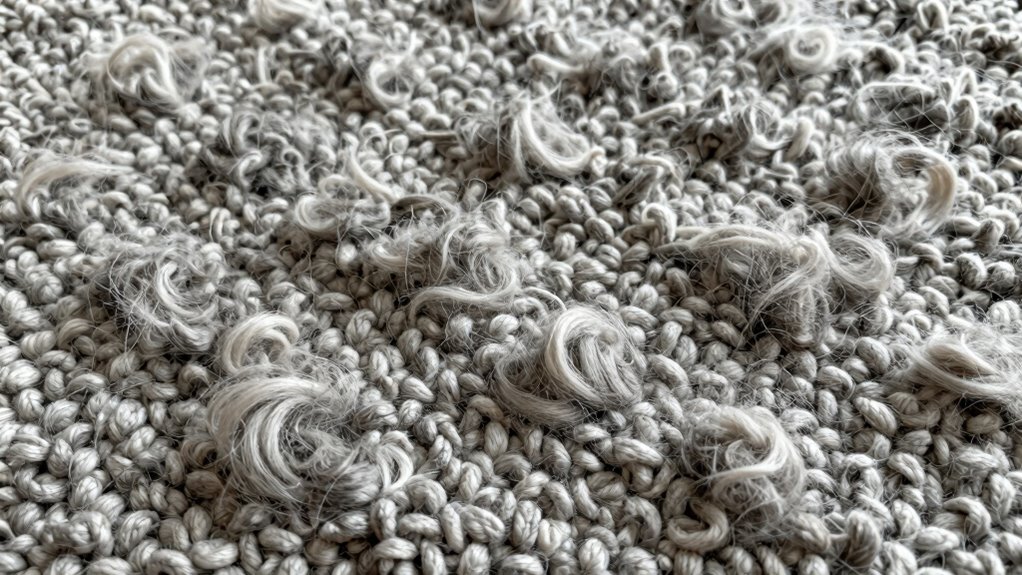 Using a rug with appropriate surface texture can also make a noticeable difference in reducing pet hair accumulation and simplifying cleaning routines. Your choice of rug affects how much pet hair it traps and how easy it is to clean. Dense, textured rugs might look cozy, but they demand more maintenance because they hold onto hair tightly. If you want to cut down on cleaning time, opt for rugs with lower fiber density and a flatter surface texture. Keep in mind, though, that other factors like fiber material also matter—synthetic fibers often trap hair more than natural ones. But to start, focusing on fiber density and surface texture will significantly improve your pet hair problem, making your cleanup routine less of a hassle and your living space more comfortable.
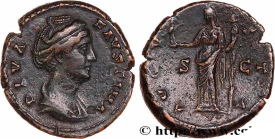 Commentary : Monnaie sur un flan centré, éclaté à 3h et 11h. Joli buste de Faustine. Patine foncée
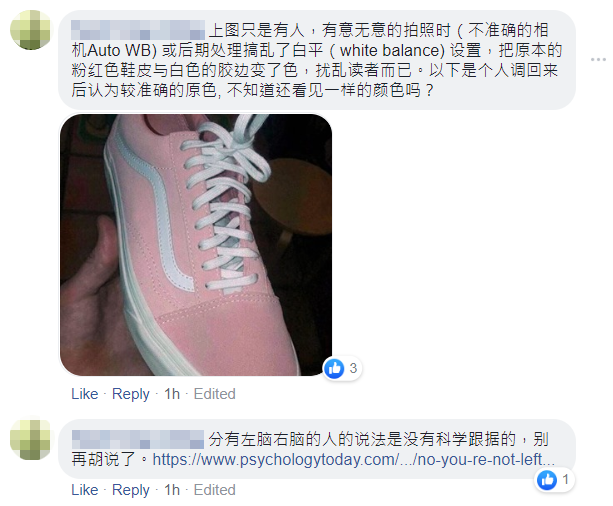 不过根据《中国报》报道,大家会看到不一样颜色的原因是与“色彩恒关系”有关。看到灰绿色的人,是因为大脑自动无视绿色光源,不觉得这张照片的显色是因为绿光才造成了这种颜色,所以灰绿色一定就是这双鞋的颜色。

[Try it] Please return the material above unchanged, with every picture removed.

[Solution to this task]
 Using a rug with appropriate surface texture can also make a noticeable difference in reducing pet hair accumulation and simplifying cleaning routines. Your choice of rug affects how much pet hair it traps and how easy it is to clean. Dense, textured rugs might look cozy, but they demand more maintenance because they hold onto hair tightly. If you want to cut down on cleaning time, opt for rugs with lower fiber density and a flatter surface texture. Keep in mind, though, that other factors like fiber material also matter—synthetic fibers often trap hair more than natural ones. But to start, focusing on fiber density and surface texture will significantly improve your pet hair problem, making your cleanup routine less of a hassle and your living space more comfortable.
 Commentary : Monnaie sur un flan centré, éclaté à 3h et 11h. Joli buste de Faustine. Patine foncée
 不过根据《中国报》报道,大家会看到不一样颜色的原因是与“色彩恒关系”有关。看到灰绿色的人,是因为大脑自动无视绿色光源,不觉得这张照片的显色是因为绿光才造成了这种颜色,所以灰绿色一定就是这双鞋的颜色。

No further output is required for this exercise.